Hot desking (sometimes called "non-reservation-based hoteling") is an office organization system that involves multiple workers using a single physical work station or surface during different time periods. The "desk" in the name refers to a table or other work space being shared by multiple workers on different shifts as opposed to every staff member having their own personal desk. A primary motivation for hot-desking is cost reduction through space savings—up to 30% in some cases. Hot desking is especially valuable in cities where real estate prices are high.

Usage
Hot desking is often found in workplaces with flexible schedules for employees, where not all employees are actually working in an office at the same time. Employees in such workplaces use existing offices only occasionally or for short periods, which leaves offices vacant part of the time. By sharing offices, employees make more efficient use of space and resources. However, hot desking comes with disadvantages, including a lack of permanent space, an unclear work hierarchy, and possibly inconvenient communication between members of a team. For some employees, hot-desking may be hard to get used to, as people have different ways of using a desk (adjusting the chair height, moving around decorations, keeping the space tidy).

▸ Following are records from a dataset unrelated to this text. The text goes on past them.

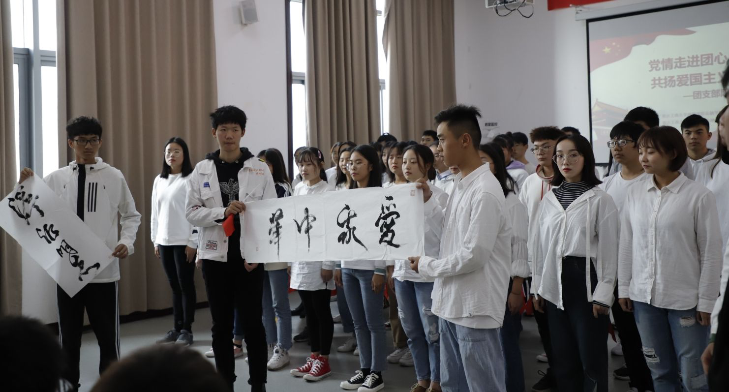 比赛现场,2019级金融一班团支部以合唱、朗诵形式表现《我的中国心》,展现出他们铁骨铮铮的男儿气概以及柔情似水的少女风采,一声声整齐的呐喊,彰显了他们的爱国热情与青春本色。2019级金融三班团支部以书画、朗诵形式相结合呈现《我爱你中国》和《我的中国心》,一笔一画中,举手投足间,饱含他们浓浓的爱国热情,也展现出新时代青年大学生的风采。纵有千古,横有八荒;前途似海,来日方长。金融学院2019级团支部学子用形式多样的艺术风格演绎了一曲曲红色经典,用青春之姿和青春之歌,用铿锵有力且声情并茂的朗诵,用行云流水般的书法,表达赤诚的爱国之情,彰显了当代青年大学生蓬勃的青春力量。
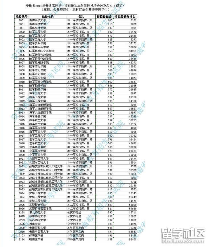 安徽省2018年提前批次軍校本科院校投檔分?jǐn)?shù)及名次
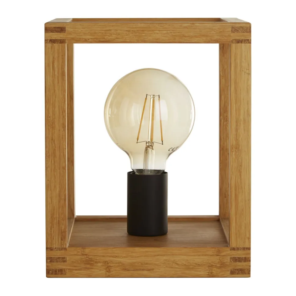 Wohnliche Tischlampe aus Bambus und Metall in Natur und Schwarz
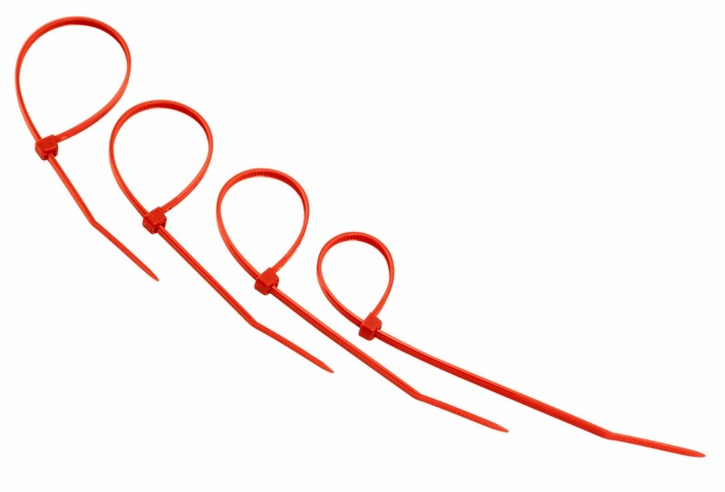 В упаковке поставляются 25 красныx стяжек размером 150x2,5 мм.
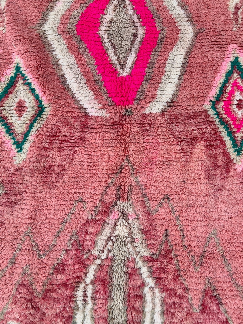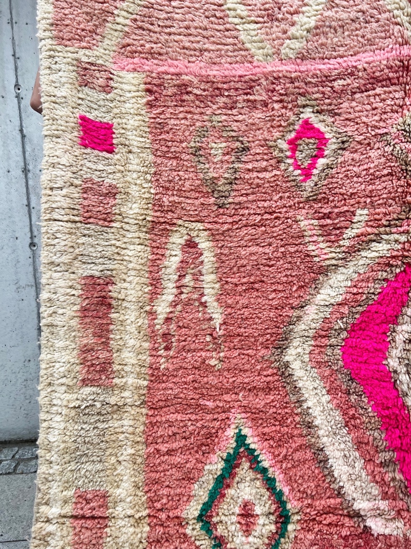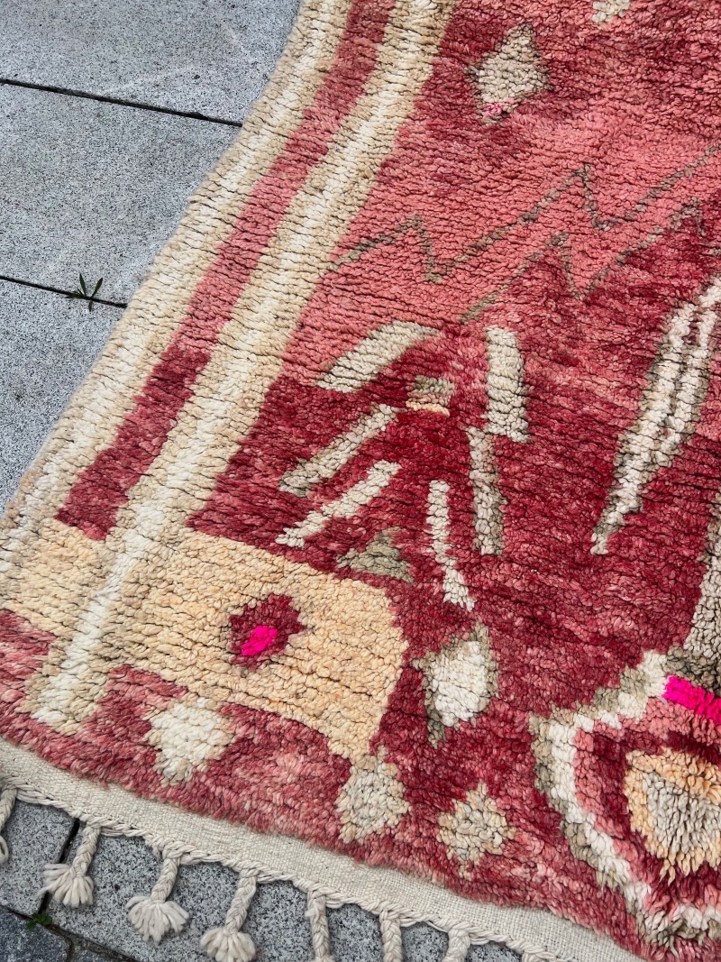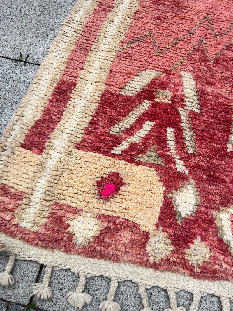 For det første innebærer vintage at teppet er brukt. De er vevd av kvinner i Marokko til eget bruk.
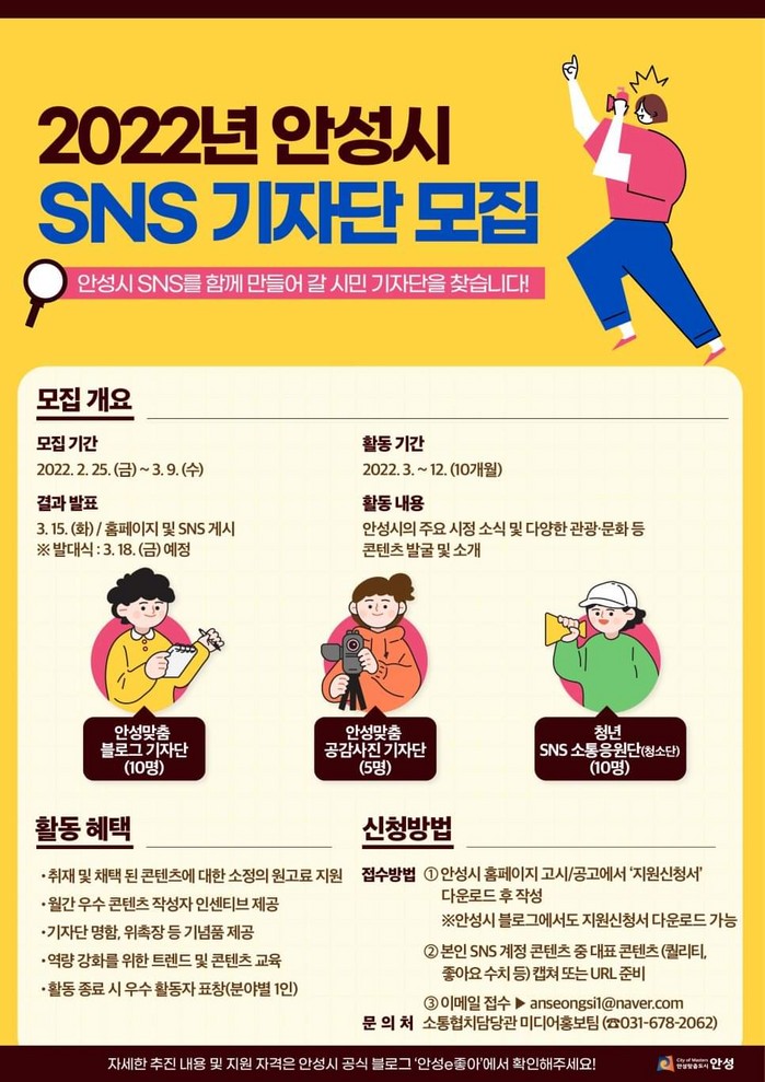 모집 분야는 ▲블로그에 콘텐츠를 제공하는 ‘안성맞춤 블로그 기자단’ ▲사진을 제공하는 ‘안성맞춤 공감사진 기자단’ ▲시 SNS를 홍보하고 새로운 콘텐츠를 제안하는 ‘청년SNS소통응원단’으로, 3개 분야 총 25명을 선발한다.
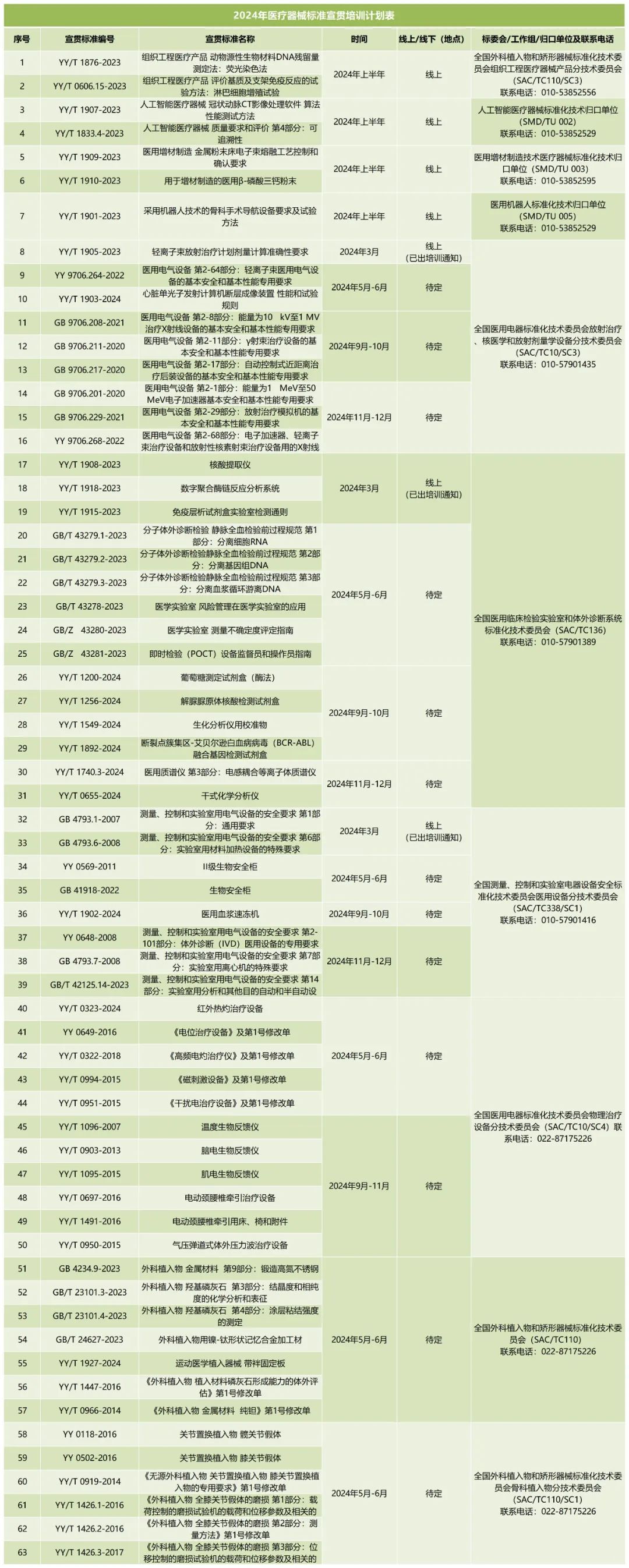 3月25日,國家藥監(jiān)局醫(yī)療器械標準管理中心發(fā)布《2024年醫(yī)療器械標準宣貫培訓計劃》,擬分批對182項醫(yī)療器械國家標準、行業(yè)標準進行宣貫培訓,具體安排如下:

An alternative version of hot desking is possible where employees have multiple tasks and multiple employees may require a certain work station, but not for their entire range of duties. Thus a permanent work station can be made available to any worker as and when needed (also known as a "touchdown" space), with employees sharing it. This could be for a single element of one’s work, for example, when a sales employee needs an office for a client meeting, but does not otherwise need a personal office. Another example is when employees need to perform specific tasks at work stations created for those tasks in an assembly line fashion. There, the individual work stations are not set up as personal office space. A collection of such workstations is sometimes called a mobility centre.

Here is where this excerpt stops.